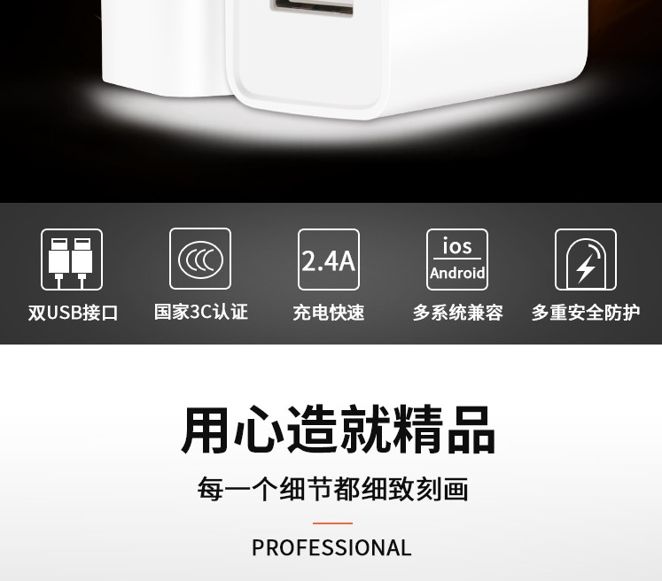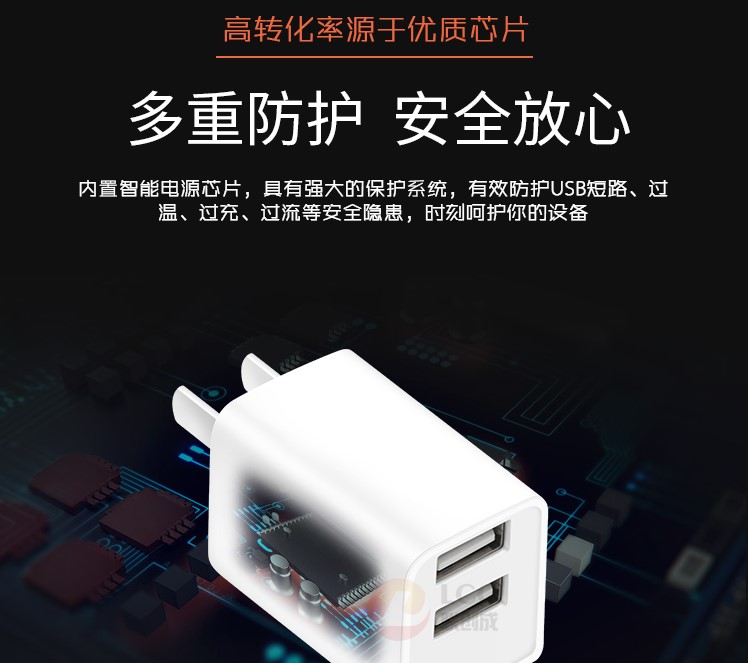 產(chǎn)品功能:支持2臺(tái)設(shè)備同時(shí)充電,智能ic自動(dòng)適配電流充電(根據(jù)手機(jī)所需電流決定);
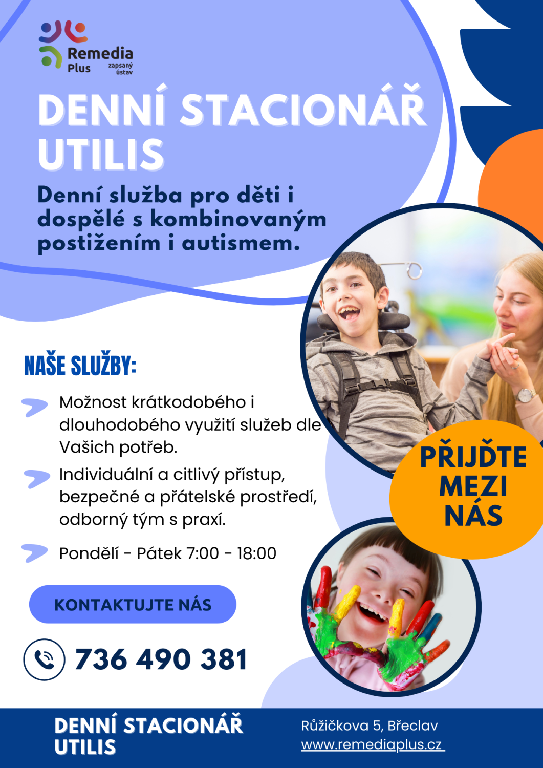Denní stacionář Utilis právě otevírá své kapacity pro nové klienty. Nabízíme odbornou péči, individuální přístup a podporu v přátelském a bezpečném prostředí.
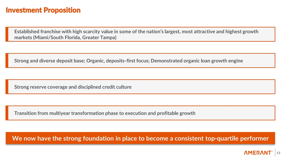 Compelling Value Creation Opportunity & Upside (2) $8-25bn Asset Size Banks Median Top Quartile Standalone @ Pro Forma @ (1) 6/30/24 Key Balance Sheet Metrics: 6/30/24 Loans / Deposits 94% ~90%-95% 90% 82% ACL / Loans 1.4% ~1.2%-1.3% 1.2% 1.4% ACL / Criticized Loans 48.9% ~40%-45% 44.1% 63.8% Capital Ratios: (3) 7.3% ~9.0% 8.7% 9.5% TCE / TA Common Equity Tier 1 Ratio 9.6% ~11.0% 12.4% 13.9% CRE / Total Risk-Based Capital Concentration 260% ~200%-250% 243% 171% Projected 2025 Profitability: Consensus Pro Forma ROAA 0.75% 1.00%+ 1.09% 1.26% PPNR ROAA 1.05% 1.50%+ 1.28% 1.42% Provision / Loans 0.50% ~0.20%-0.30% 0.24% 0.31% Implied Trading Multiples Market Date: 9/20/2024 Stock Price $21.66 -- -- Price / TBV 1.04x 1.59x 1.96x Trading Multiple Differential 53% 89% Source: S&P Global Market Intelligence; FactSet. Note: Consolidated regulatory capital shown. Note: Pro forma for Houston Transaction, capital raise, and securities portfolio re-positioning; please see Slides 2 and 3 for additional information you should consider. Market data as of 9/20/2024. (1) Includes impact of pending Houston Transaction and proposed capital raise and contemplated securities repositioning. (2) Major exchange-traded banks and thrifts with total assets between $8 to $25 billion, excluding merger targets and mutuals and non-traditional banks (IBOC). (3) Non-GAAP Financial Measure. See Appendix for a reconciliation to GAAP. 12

* * * * * * * * *

● **ACTIVITY**
Output only the lines from the start of the data through the line that holds "Denní stacionář Utilis". Keep them exact and leave the pictures out.

● **RESPONSE FOR THIS EXERCISE**
 產(chǎn)品功能:支持2臺(tái)設(shè)備同時(shí)充電,智能ic自動(dòng)適配電流充電(根據(jù)手機(jī)所需電流決定);
Denní stacionář Utilis právě otevírá své kapacity pro nové klienty. Nabízíme odbornou péči, individuální přístup a podporu v přátelském a bezpečném prostředí.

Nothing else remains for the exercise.